Standing with a group of pastors, chatting and fellowshipping and shooting the (sacred) bull, someone came out with this:
“I told him I’m the pastor of the church, that God sent me here as the overseer, and if he doesn’t like it, he can find another church.”
That brought nods of approval, even from a couple who knew they would never have the gumption to say such a thing. Even if they feel it.
But that pastor is wrong.
Dead wrong.
If anyone on earth had the right to pull rank on other people, it was our Lord Himself.
Yet, He never did.
Now, God the Father didn’t seem to mind doing it. Throughout the Old Testament the Almighty give commands and instructions to His people, then frequently added reminders that “I am the Lord!” The idea being that “I have a right to say this, I have the authority to back it up, and you disobey at your own peril.”
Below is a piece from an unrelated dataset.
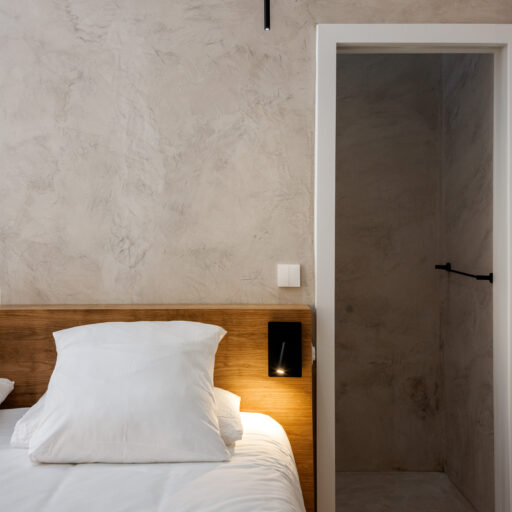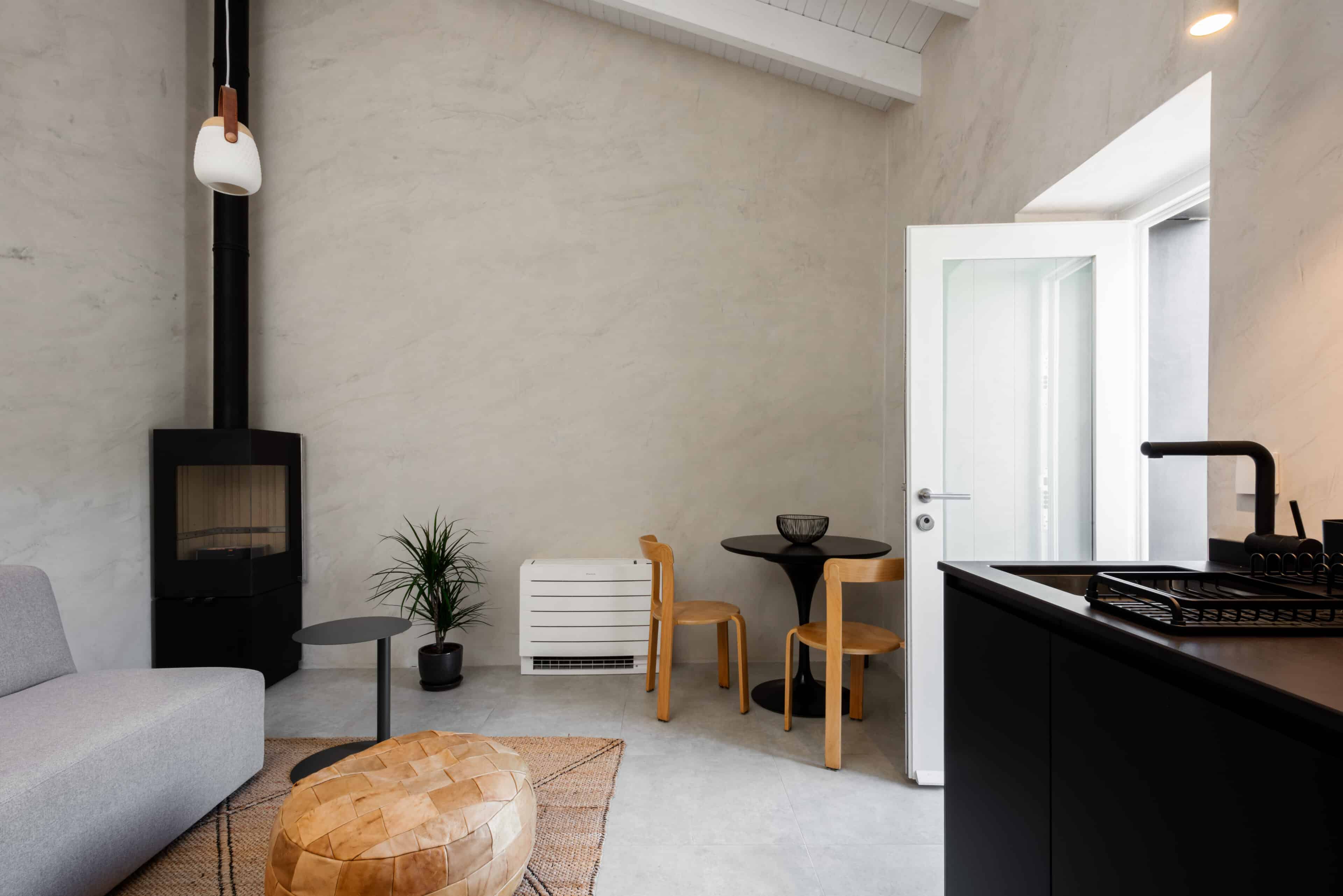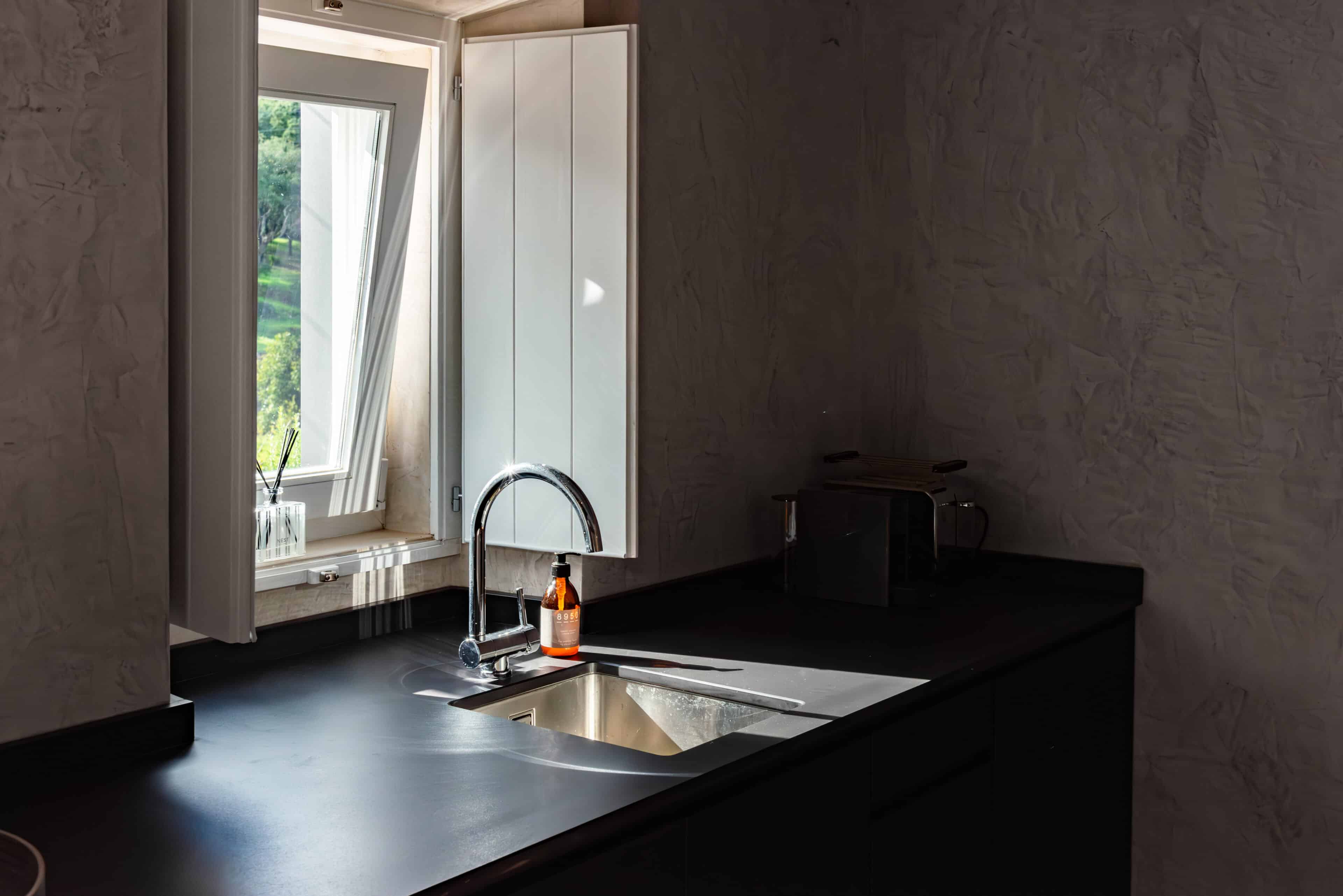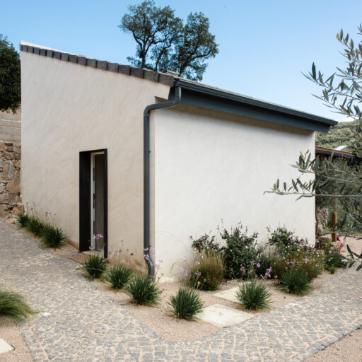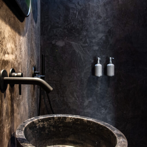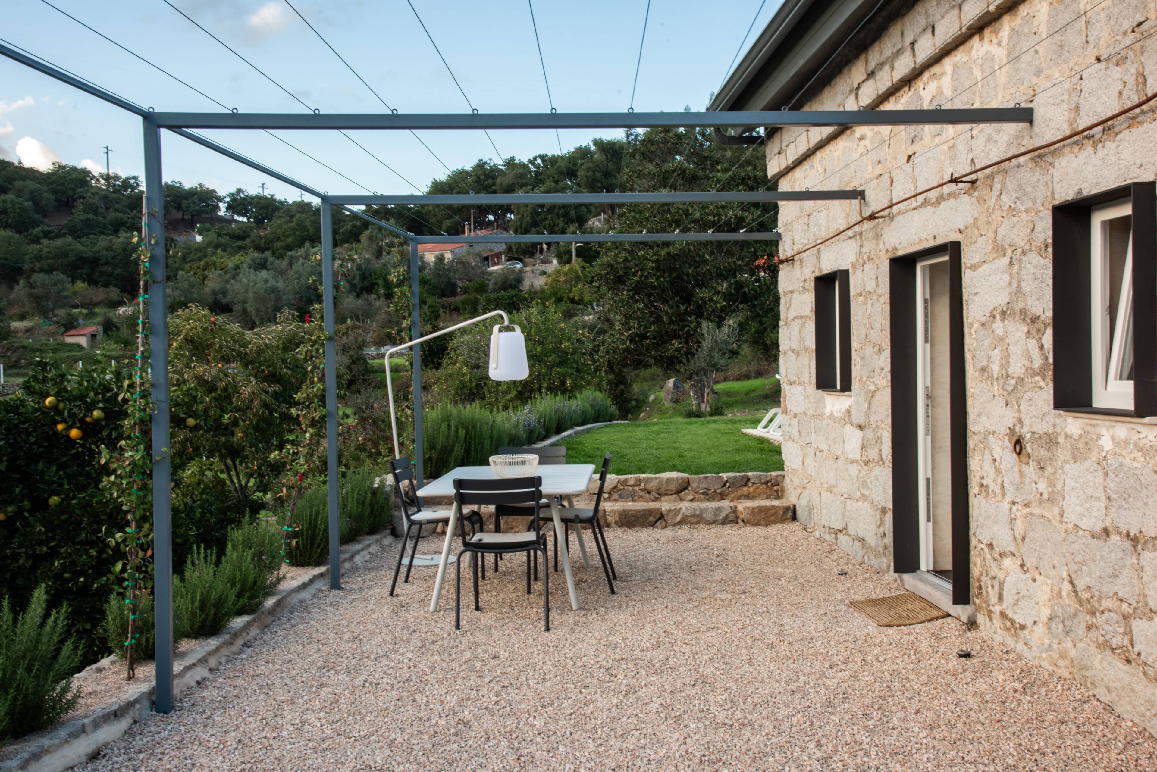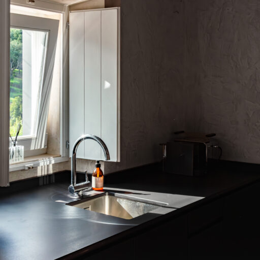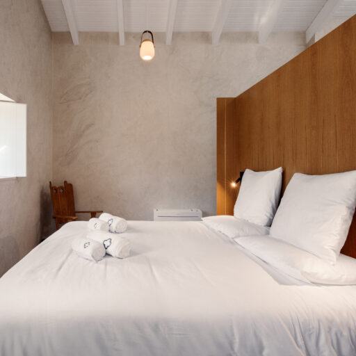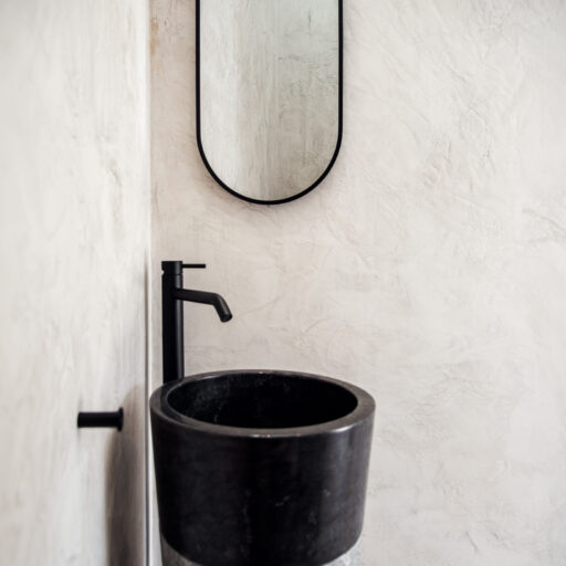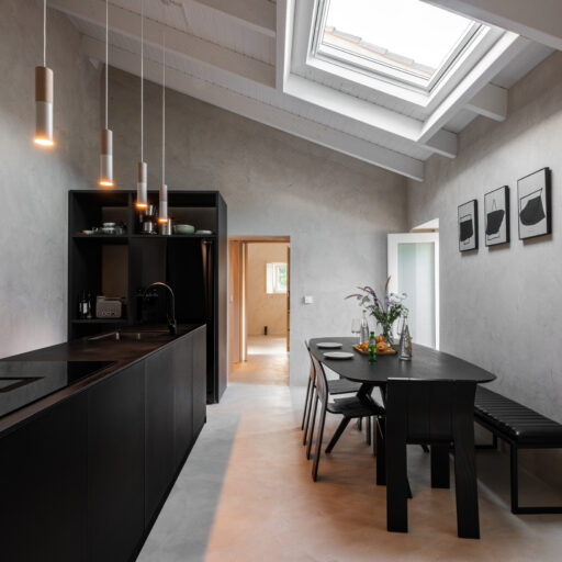 Wenn wir uns dem Landgut im ruhigen Bergland der Algarve nähern, fallen zuerst die von Steinmauern eingerahmten Terrassen ins Auge. Weinreben wachsen hier, Oliven- und Mandarinenbäume. Von einer Anhöhe überblicken drei Ferienhäuser mit historischem Charme die Umgebung. Als Herman und Angela, ein niederländisch-brasilianisches Paar, das Land im Jahr 2021 erwarben, befanden sich darauf nur Ruinen. Nach und nach bauten sie den alten Hof zu einem Rückzugsort für Feriengäste um. The Yellow House besteht aus drei separaten Gebäuden und eignet sich für all jene, die gern zusammen reisen, aber auch Wert auf Freiraum legen. Das aus rauem Stein gebaute The Granite House verfügt über einen Obst- und Kräutergarten, in dem auch die seltene Apfelsorte Pera de Monchique gedeiht. Von der früheren Backstube, heute The Baker’s Cottage, blickt man auf Picota, den zweithöchsten Gipfel der Algarve. Die Gastgeber lieben Vintage-Stücke und sind überzeugt, dass sie einem Raum Seele verleihen. Da können wir nur zustimmen. Besonders, wenn sie so gekonnt mit minimalistischem Luxus kombiniert werden wie hier: mit mattschwarzen Aluminiumküchen, kalkverputzten Wänden – und duftenden Blumen aus dem Garten.

Take the fascinating 19th chapter of Leviticus, the source of our Lord’s favorite “second greatest commandment” about loving your neighbor as yourself. That chapter, thirty-seven verses long, contains numerous commands about treatment of foreigners, the poor, the vulnerable. Throughout, sixteen times we find God saying “I am the Lord.”
But the Lord Jesus did not pull rank on people.
When the religious big-shots grew rebellious over His abuse of the Sabbath as they saw it, Jesus reasoned with them: “Is it lawful to do good on the Sabbath? to save a life? or to destroy it?” (Luke 6:9) Make them think.